Why Decluttering Fails? 5 Challenges

10 Aug 2015

It is probably easier to declutter things rather than relationships, and tasks and responsibilities. Or so I think. A quick Google search reveals tons of resources (e.g., online articles, books) on this topic. No matter how informative and seemingly useful the decluttering tips may be, the real test comes when you try to apply them in your specific contexts.

Personally, I had tried decluttering a few times over the years, only with limited successes. What are 5 key challenges for me?

Challenge 1: “What if, I need this in future.”

Personal Thoughts: What if, I need to refer to the old university textbooks? What if, I decide to design some greeting cards with the colouring materials?
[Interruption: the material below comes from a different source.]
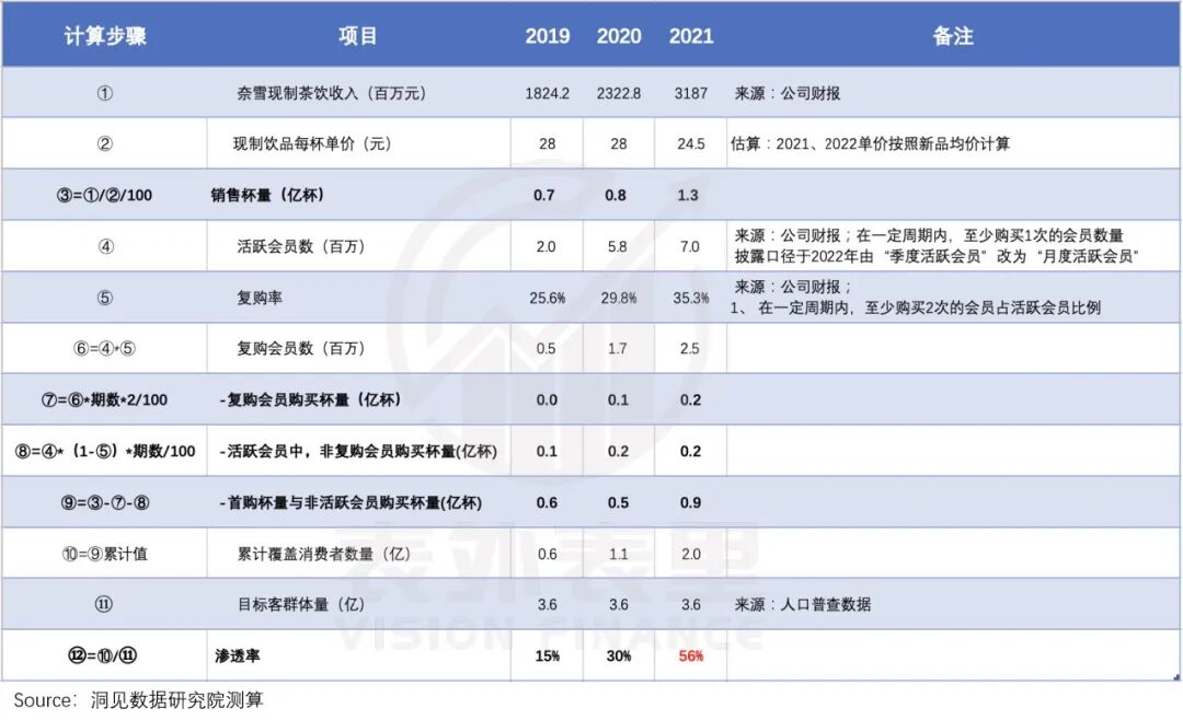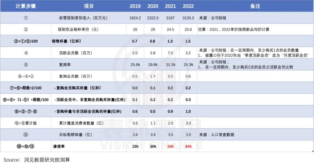 反馈在数据上,套入前序测算,可以发现到2022年底,奈雪的茶渗透率已经达到80%以上。

What if, I need these plastic containers to keep cookies as gifts for friends?

Personal Solutions: Can the items be obtained conveniently with minimal cost should “What If” become a reality? The answer should be obvious for most common items. E.g., information from old textbooks can probably be found in library books and online resources (not forgetting to highlight that the information from old textbooks will likely become obsolete over time); colouring materials and plastic containers are not costly and can easily be bought if you ever need them.

Challenge 2: “How can I throw away gifts from family and friends?”

Personal Thoughts: I feel guilty throwing away the greeting cards (i.e., well wishes) from others. What if they know that I do not keep their gifts (e.g., photo frames, ornaments)? These gifts are memories of life experiences.

Personal Solutions: Will the gifts be more useful to others? If you have thoughts of decluttering the item, it is probably not of much use to you. Will it therefore be more meaningful to donate the items to others who may want it more? Also, do the gifts really constitute memories of your life experiences? Memorable moments in life probably do not depend on actual physical triggers. Anyway, if you insist, can the physical objects be replaced with images? (Note: I chose to store photo images of tons of cards before I disposed them and kept just a few which are personally more meaningful.)

Challenge 3: “It’s such a waste to give it away.”

Personal Thoughts: I spent $$ on these framed puzzles, how can I give them away? This shirt is still in good condition, how can I throw it away?

Personal Solutions: Despite the amount of $$ spent and the good condition of the items, if you are not going to use them, they are worthless. Agree? Again, it is probably more useful to others. You can either donate them or try to sell them on relevant websites (e.g., eBay, Carousell). For your information, I had not been successful in decluttering through these platforms. Hence, my framed puzzles are still lying around at home.

Challenge 4: “How do I convince <insert name of person> to declutter?”

Personal Thoughts: It’s difficult to get <insert name of person> to give away her/his items.

Personal Solutions: This is probably the most difficult challenge. If it is difficult to declutter your own items, what more getting another person to declutter. You may want to start with neutral items (Important Note: neutral from the perspective of the other person). E.g., I started decluttering of plastic containers, glass jars and tins that my mum kept, “just-in-case” she needs them (see Challenge 1). For personal items, such as clothes, I can only encourage her to consider donating clothes that are still in good condition (see Challenge 3), but she is not going to wear anymore. I do not have an ideal strategy, just a reminder that it is going to take lots of patience, conversations and give-and-take. Ultimately, s/he will have to decide what is meaningful and what can go. NOT You.

Challenge 5: “How come the clutter doesn’t seem to go away even though I have been decluttering?”

Personal Thoughts: I had dropped all the glass jars, old newspapers… into the recycling bins just a few months back, how come there are still so many lying around at home?

Personal Solutions: We sometimes forget that decluttering is NOT a one-off task. It is an ongoing process. Clutter will continue to build up over time, the old newspapers and magazines, the used food containers, etc. will need to be recycled, donated… Hence, to minimize the need to declutter, it is critical that we reduce the build-up of clutter. E.g., minimize unnecessary purchase; get recyclable packs (e.g., shower gel, milk powder) to minimize use of plastic containers and tins; set aside decluttering bins at home…

You may be wondering how I have progressed so far. I had gone a long way indeed in terms of clearing old textbooks, greeting cards, clothes, etc. Nevertheless, I have not made as much progress when it comes to CDs, DVDs and books. I can probably give away some of the CDs and DVDs, perhaps someone can share possible platforms for doing so. As for the books, I am inclined to keep most for now and will donate some after I confirm suitable recipients.

Hope you find some of the sharing relevant and do share with me how you manage your clutter.